From: Pavel Machek (pavel_at_ucw.cz)
Date: 03/22/04

  • Next message: Andrea Arcangeli: "Re: can device drivers return non-ram via vm_ops->nopage?"
    Date:	Mon, 22 Mar 2004 01:29:34 +0100
    To: Nigel Cunningham <ncunningham@users.sourceforge.net>, kernel list <linux-kernel@vger.kernel.org>, Swsusp mailing list <swsusp-devel@lists.sourceforge.net>
    
    

    Hi!

    (Andrew killed from Cc, he's probably not too interested in
    swsusp-only issues. Benjamin added, to remind he what he wanted in
    kernel ;-)

    > [I'll have to look at new files, too...]

    +struct rangechain {
    + struct range * first;
    + struct range * last;
    + int size; /* size of the range ie sum (max-min+1) */
    + int allocs;
    + int frees;
    + int debug;
    + int timesusedoptimisation;
    + char * name;
    + struct range * lastaccessed, *prevtolastaccessed, *prevtoprev;
    +};
    +

    You need some more '_'s in there (like last_accessed), and do nut put
    space between * and symbol.

    +struct suspend_header {
    + __u32 version_code;

    It can be u32 (unless this header is included from userland).

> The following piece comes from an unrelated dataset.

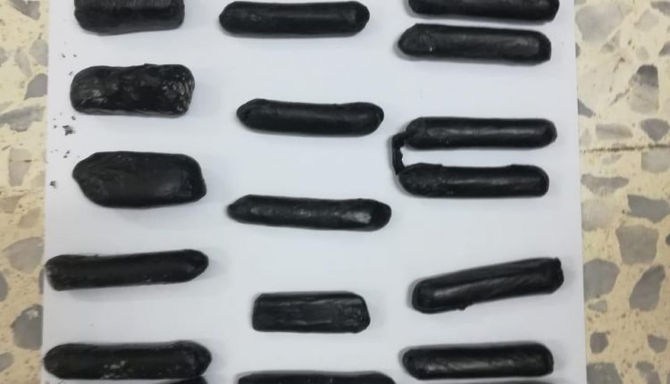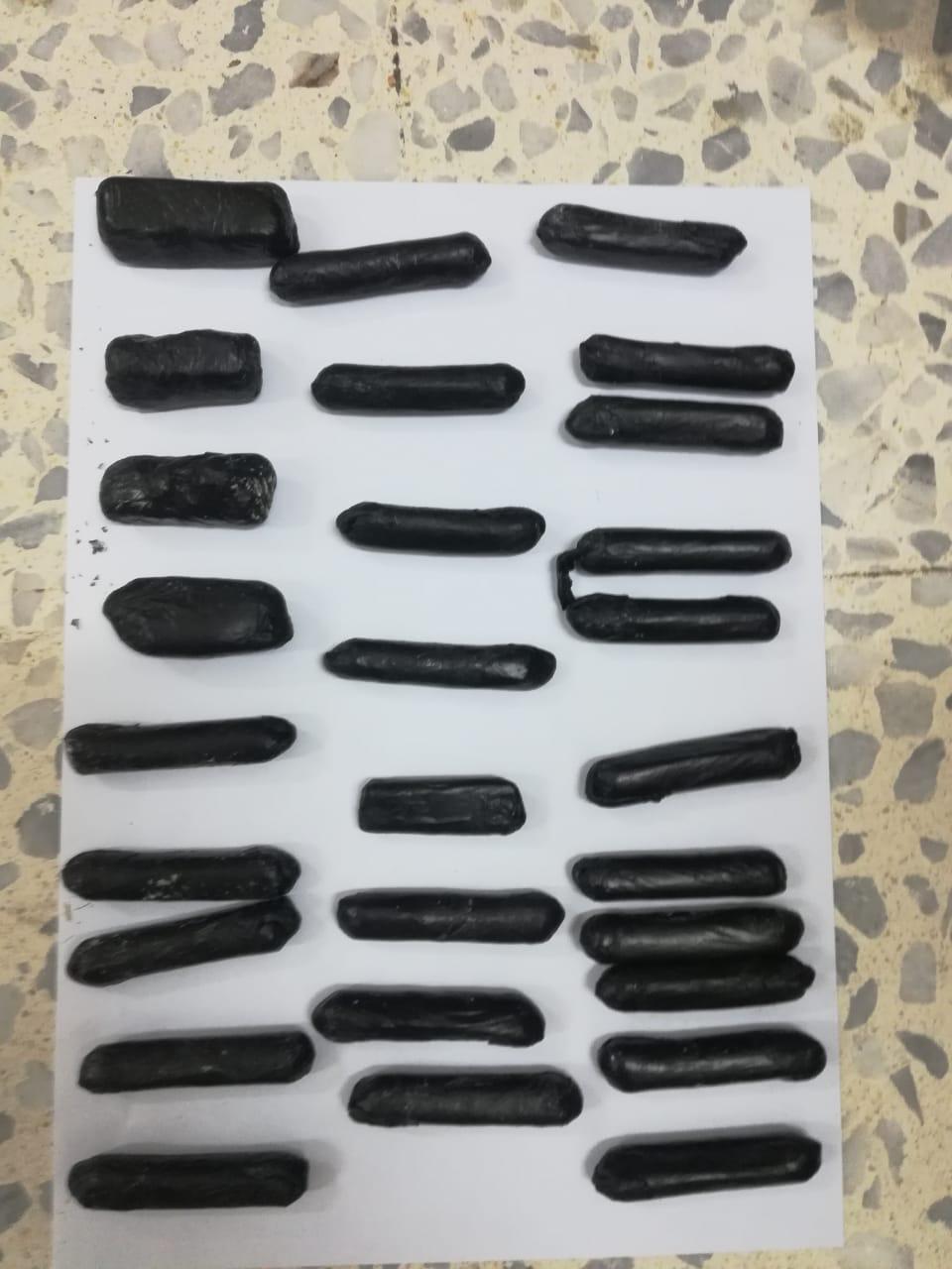 واضاف الناطق الاعلامي انه تم اخراج ٢٨ بالوناً من جسده بداخلها ٣٤١ حبة مخدرة وقطع من مادة الحشيش المخدرة وكمية من بودرة الحشيش الصناعي .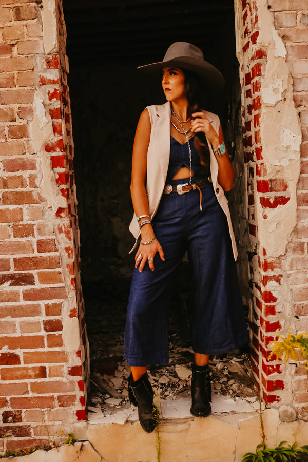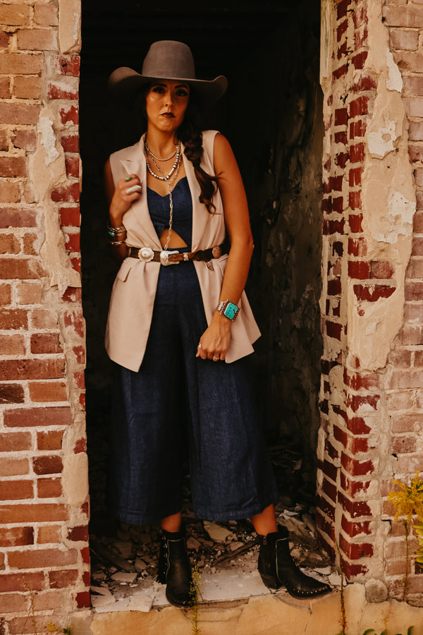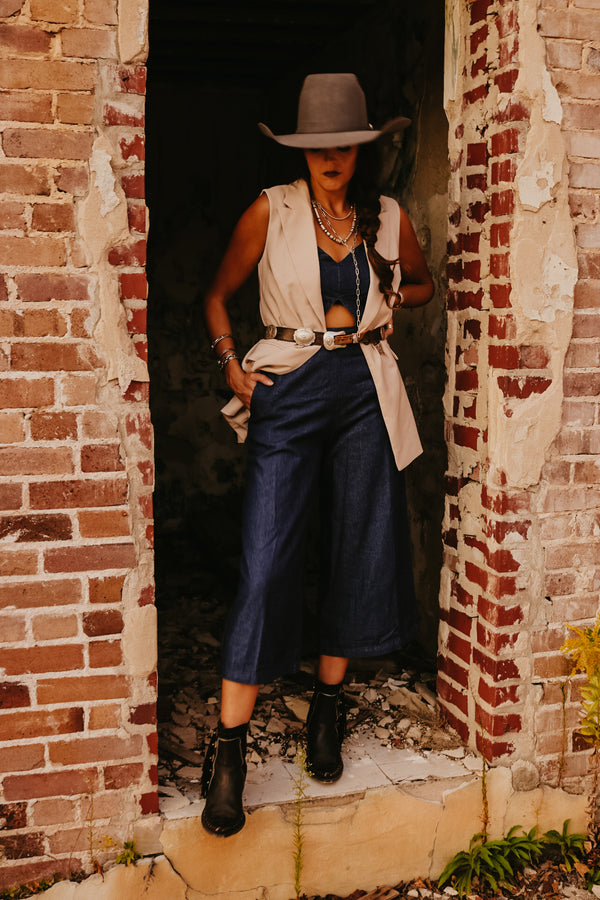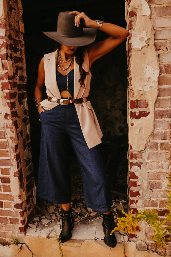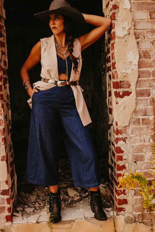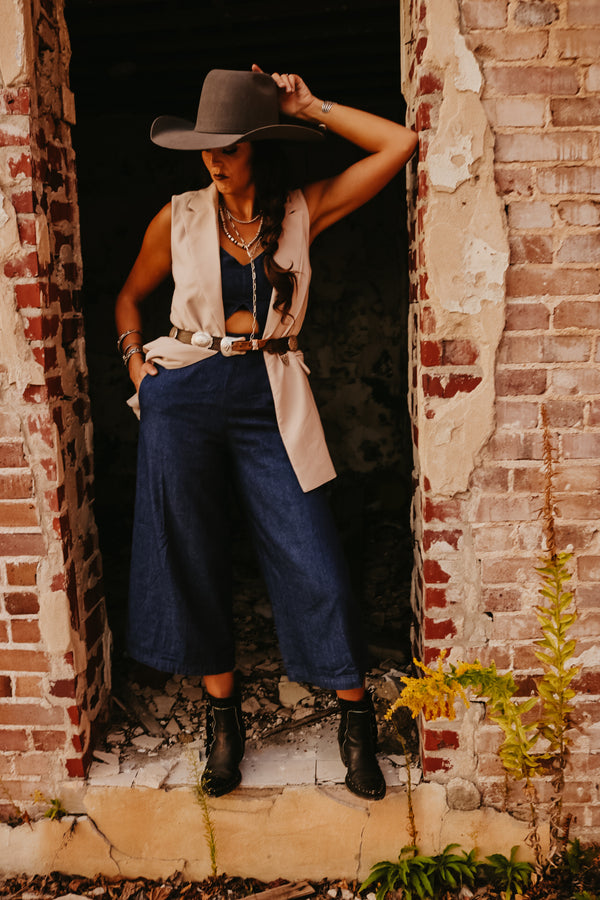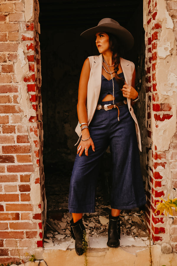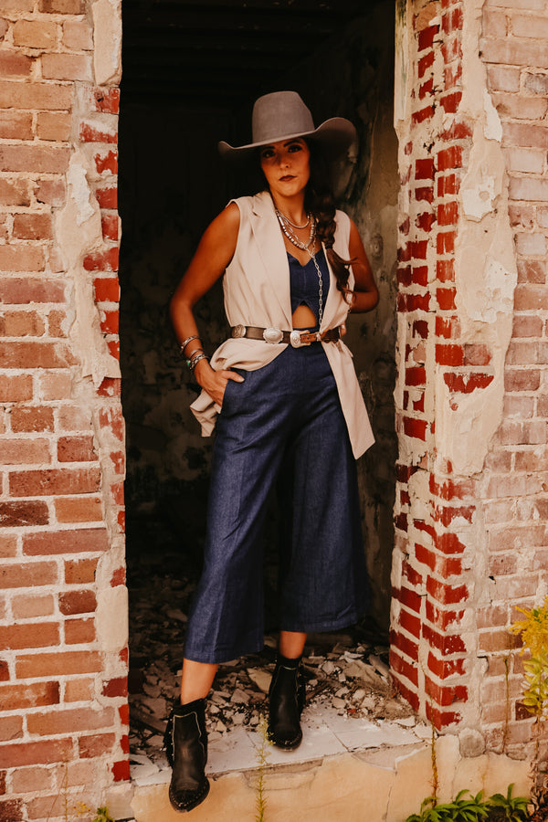 Ankle Length Denim Jumpsuit with Tie Back Cut out front Nonadjustable straps Invisible back zipper Dark colored thick denim fabric  100% Cotton

    +#define MDELAY(a) if (TEST_ACTION_STATE(SUSPEND_SLOW)) { mdelay(a); } else { do { } while (0); }

    Ouch, this is not the way to do it. You need do...while around if. It
    is useless inside {}s.

    +#define beepOK \
    + if (TEST_ACTION_STATE(SUSPEND_BEEP)) { \
    + currentbeep += 200; \
    + kd_mksound(currentbeep,HZ/8); \
    + mdelay(150); \
    + } else { \
    + do { } while (0); \
    + }
    +#define beepERR \
    + if (TEST_ACTION_STATE(SUSPEND_BEEP)) { \
    + kd_mksound(300,HZ/4); \
    + mdelay(300); \
    + } else { \
    + do { } while (0); \
    + }

    Is this really usefull to someone? Again useless while(0)s.

    +struct swsusp_proc_data {
    + char * filename;
    + int permissions;
    + int type;
    + union {
    + struct {
    + unsigned long * bit_vector;
    + int bit;
    + } bit;
    + struct {
    + int * variable;
    + int minimum;
    + int maximum;
    + } integer;
    + struct {
    + unsigned long * variable;
    + unsigned long minimum;
    + unsigned long maximum;
    + } ul;
    + struct {
    + char * variable;
    + int max_length;
    + int (* write_proc) (void); /* Routine
    triggered by write after new value stored */
    + } string;
    + struct {
    + void * read_proc;
    + void * write_proc;
    + void * data;
    + } special;
    + } data;
    + struct list_head proc_data_list;
    +};
    +
    +#define SWSUSP_PROC_DATA_CUSTOM 0
    +#define SWSUSP_PROC_DATA_BIT 1
    +#define SWSUSP_PROC_DATA_INTEGER 2
    +#define SWSUSP_PROC_DATA_UL 3
    +#define SWSUSP_PROC_DATA_STRING 4

    Your own abstraction on top of /proc? I do not think we need any
    runtime configurability.

    +#ifdef CONFIG_SOFTWARE_SUSPEND_RELAXED_PROC
    +#define PROC_WRITEONLY 0222
    +#define PROC_READONLY 0444
    +#define PROC_RW 0666
    +#else
    +#define PROC_WRITEONLY 0200
    +#define PROC_READONLY 0400
    +#define PROC_RW 0600
    +#endif

    ..and we do certainly not want CONFIG_SECURITY_HOLE.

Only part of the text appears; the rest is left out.